The bill also grants the government the ability to monitor specific communications between Japan and foreign nations, but limits this to non-content data to address privacy concerns. In the event of a major cyberattack, the Self-Defense Forces (SDF) may be deployed to defend critical systems.

Although the bill has received widespread support, it faces legal challenges, particularly with regard to Japan’s constitutional protection of communication secrecy and its pacifist defense policies. Despite these concerns, public opinion remains favorable, with a recent poll showing 65% support for the legislation.

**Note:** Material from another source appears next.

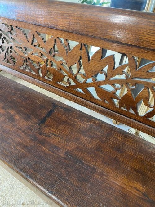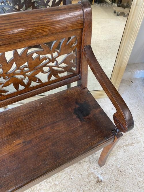 A nice French Oak Dining or Hall Bench. Nice pierced carved back panel and original colour and patina.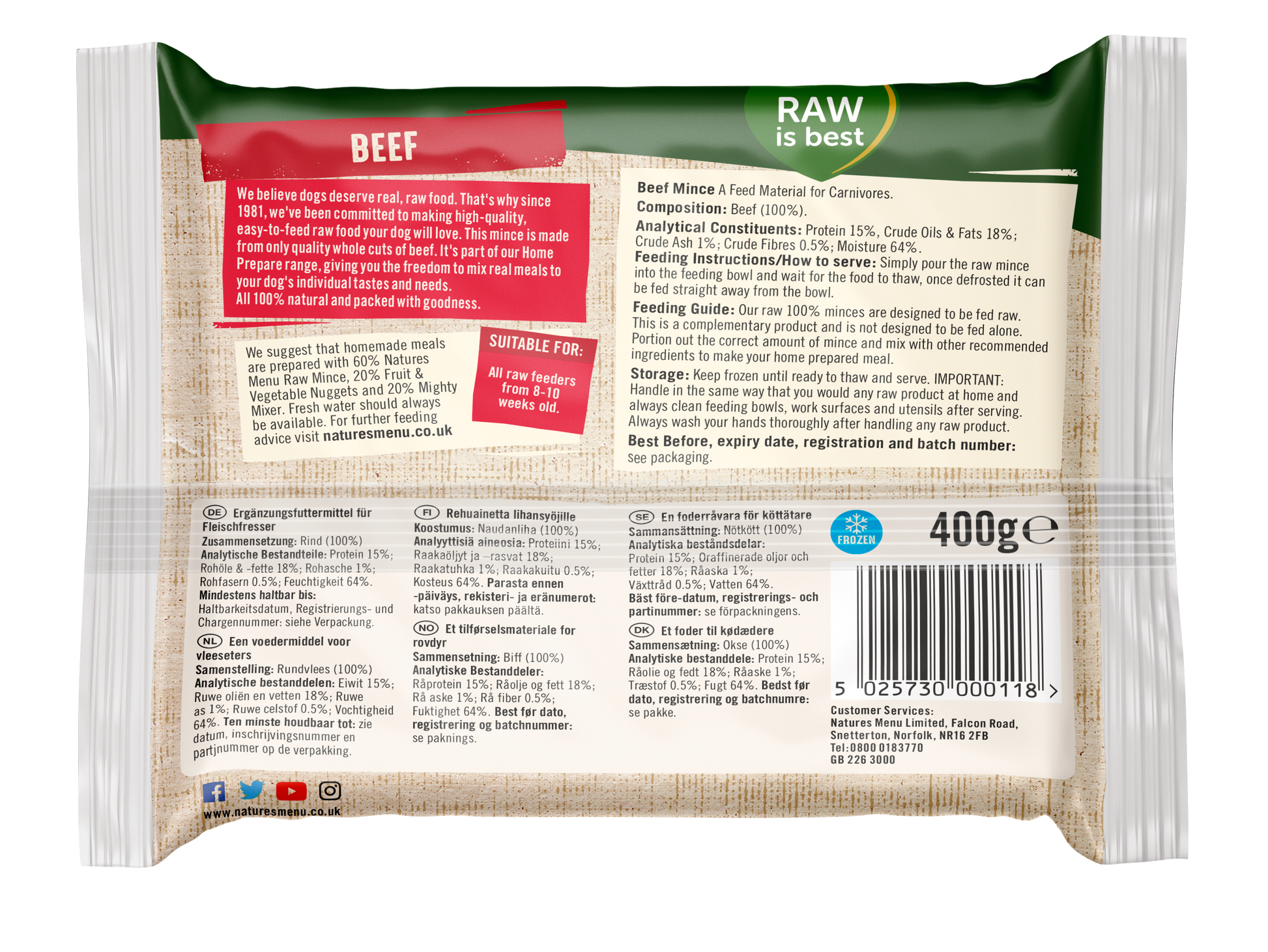 Just Beef Raw Mince is an ingredient or treat, not a complete meal. Add it to other ingredients to make balanced and nutritious raw meals at home.

The government is moving forward with the proposal, aiming to enhance the protection of Japan’s critical infrastructure from increasing cyber risks. While the Japanese Communist Party opposes the bill, it has gained backing from major opposition parties, highlighting its broad political support.

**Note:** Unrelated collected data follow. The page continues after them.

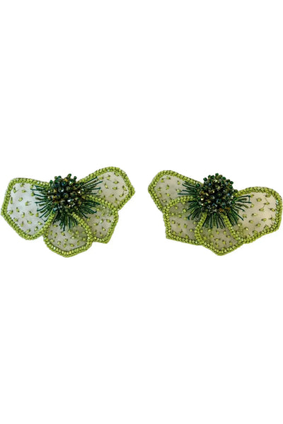 These earrings are a celebration of delicate blooms, where the play of transparency harmonizes with elegance. Handcrafted with crystals, glass beads, and embroidery on silk organza.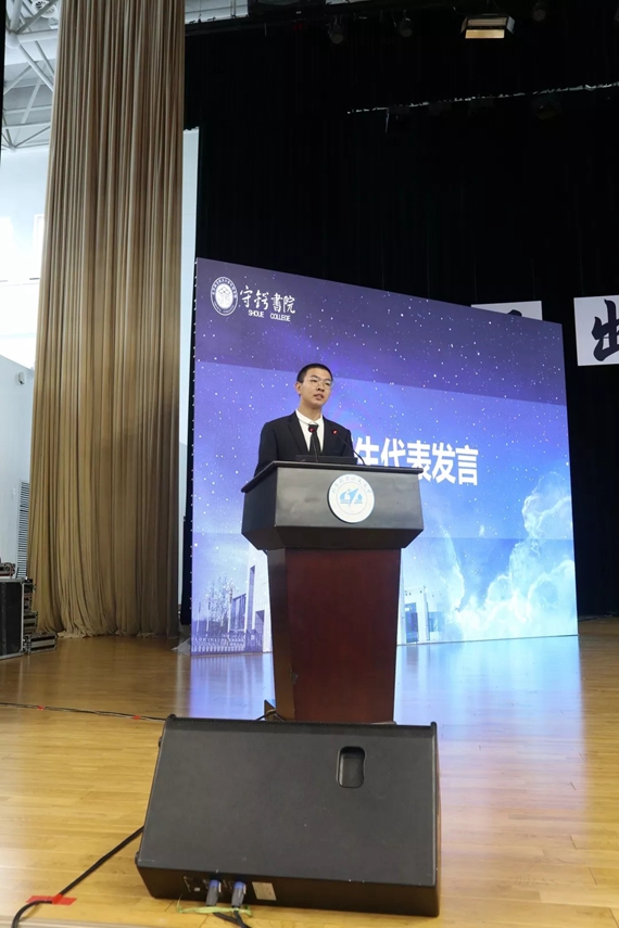 最后,18级新生代表刘宇曦同学、17级代表罗醴同学分别进行发言。刘宇曦同学表示,要在大学生活中认真学习不断奋斗,成为一名优秀的守锷书院学子。罗醴同学作为老生代表,在发言中希望各位18级同学要学习屠守锷精神,不断进取,守正出新,空天报国。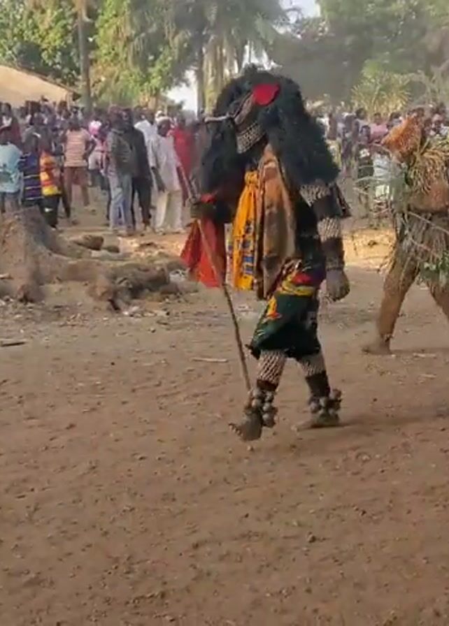 two figures wearing elaborate costumes dancing in a dusty, open area. One costume is predominantly black with touches of yellow and red, and the figure carries a long wooden pole. The other costume appears to be made of dried grasses and foliage. Both figures are barefoot. They are surrounded by a large crowd of onlookers, and in the foreground, a person wearing a black t-shirt with a colorful design is partially visible. Palm trees and buildings can be seen in the background. The overall atmosphere suggests a cultural or traditional performance taking place in a village or community setting.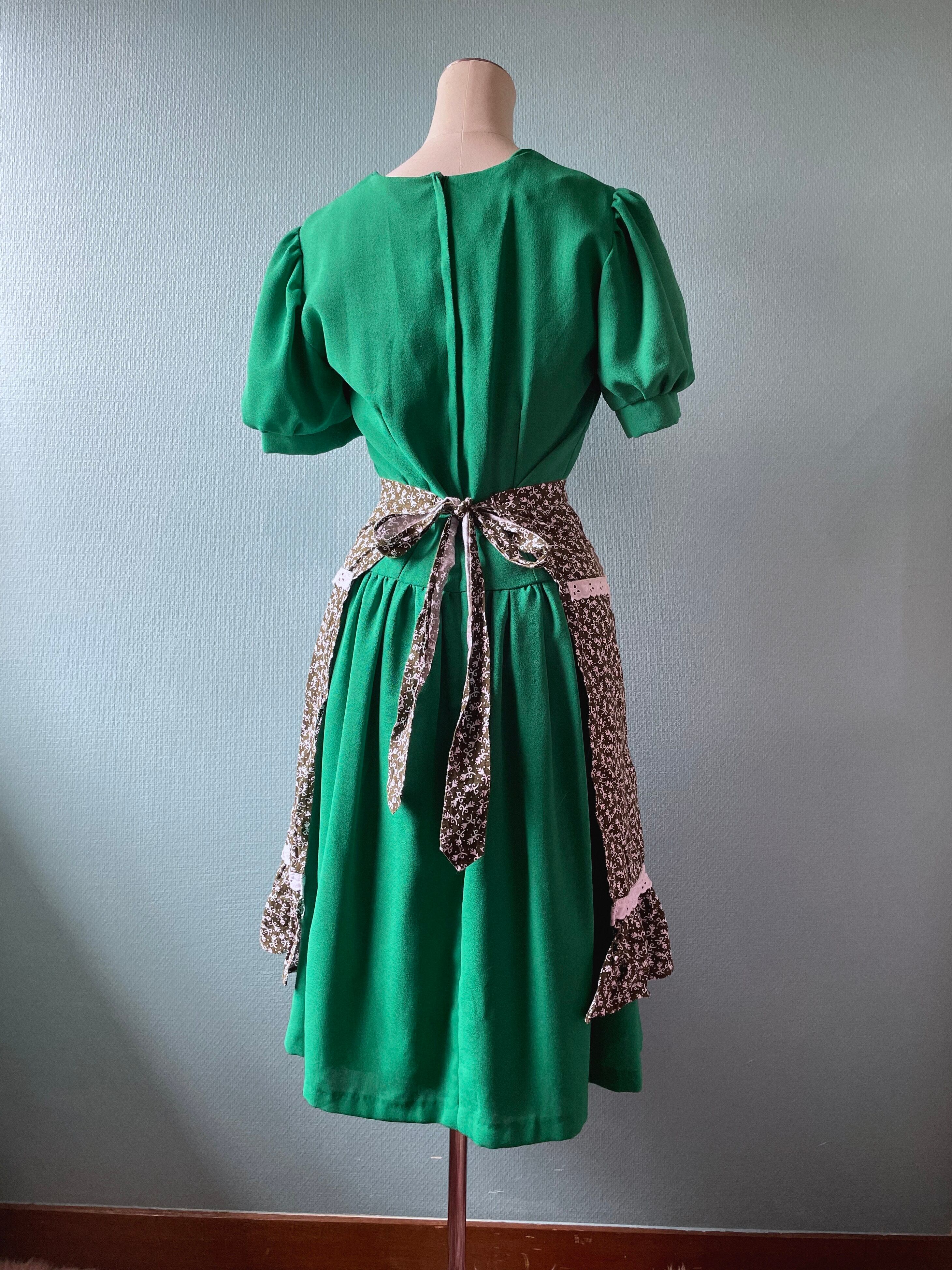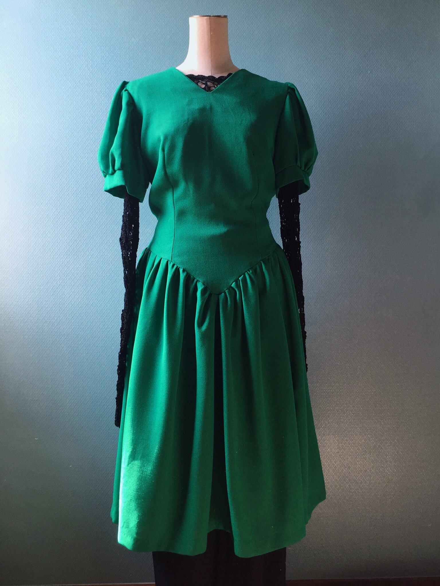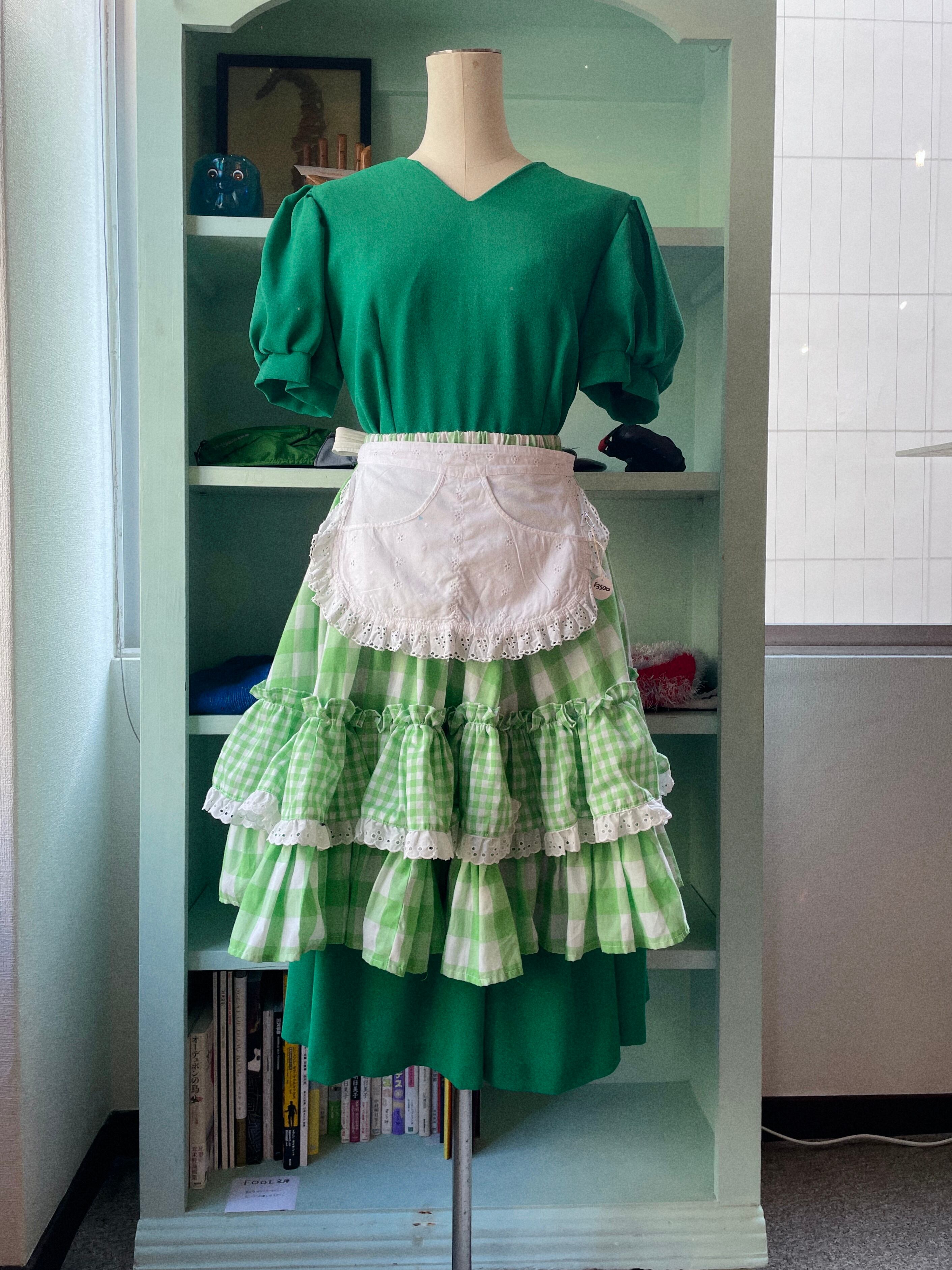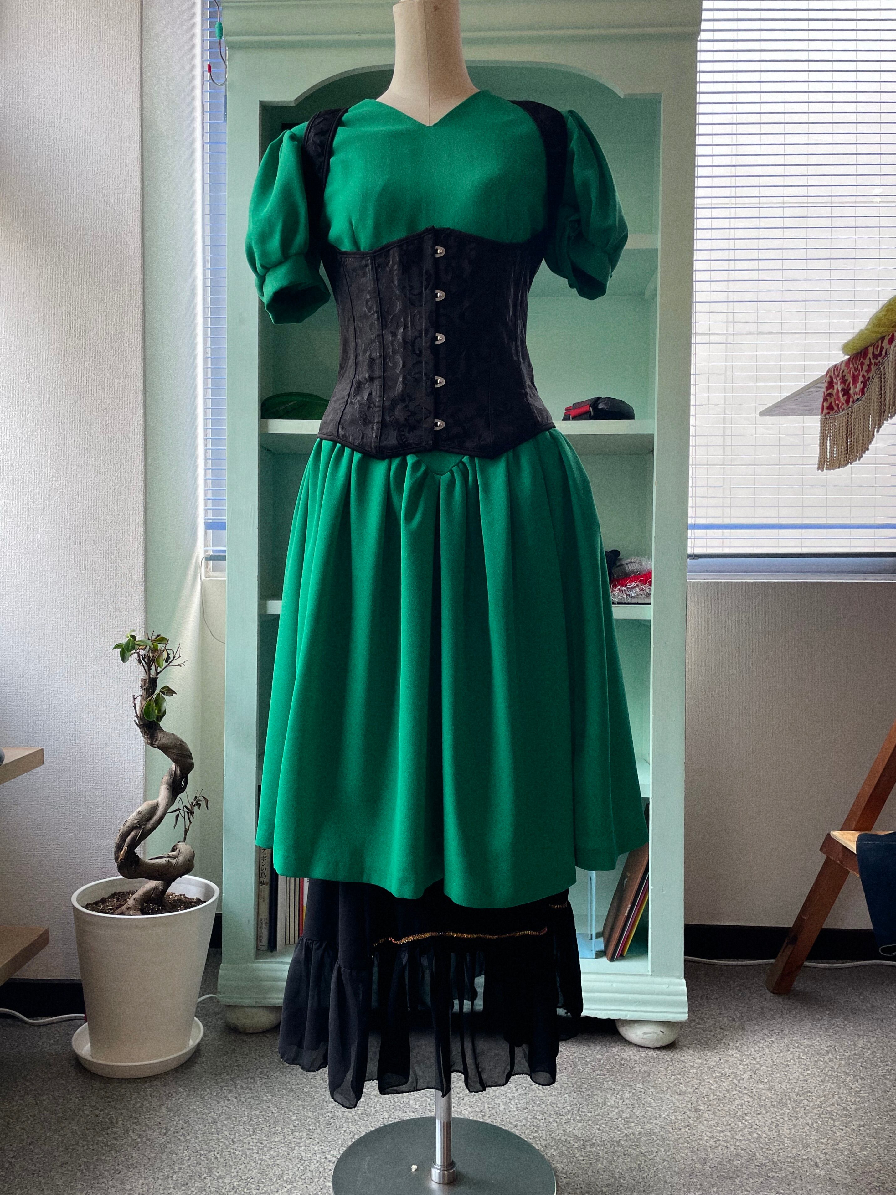 ウエストが絞ったデザインのワンピース。まさにグリーンな色味です。

New hacking group mimics Russia-linked group to target Russian entities, Chinese cybersecurity experts say

A hacking group, named as GamaCopy, has been imitating the tactics of the Russia-linked threat actor Gamaredon to target Russian-speaking victims, according to research by Chinese cybersecurity firm Knownsec.

GamaCopy’s latest campaign employed phishing documents disguised as reports on Russian armed forces’ locations in Ukraine, along with the open-source software UltraVNC for remote access.

However, while GamaCopy mirrors many techniques used by Gamaredon, researchers identified notable differences. For example, GamaCopy primarily uses Russian-language victims, whereas Gamaredon typically targets Ukrainian speakers. Additionally, GamaCopy’s use of UltraVNC represents a unique element in its attack chain.

Since June 2023, GamaCopy has targeted Russia’s defense and critical infrastructure sectors. However, the group is believed to have been active even earlier, i.e. since August 2021. Knownsec’s analysis suggests that GamaCopy’s operations are part of a deliberate false-flag campaign and links the group to another state-sponsored actor known as Core Werewolf, which has similarly targeted Russian defense systems since 2021.

This discovery follows recent reports of other hacker groups, conducting cyber-espionage campaigns against Russian entities, highlighting the increasing complexity and state-backed nature of these threats.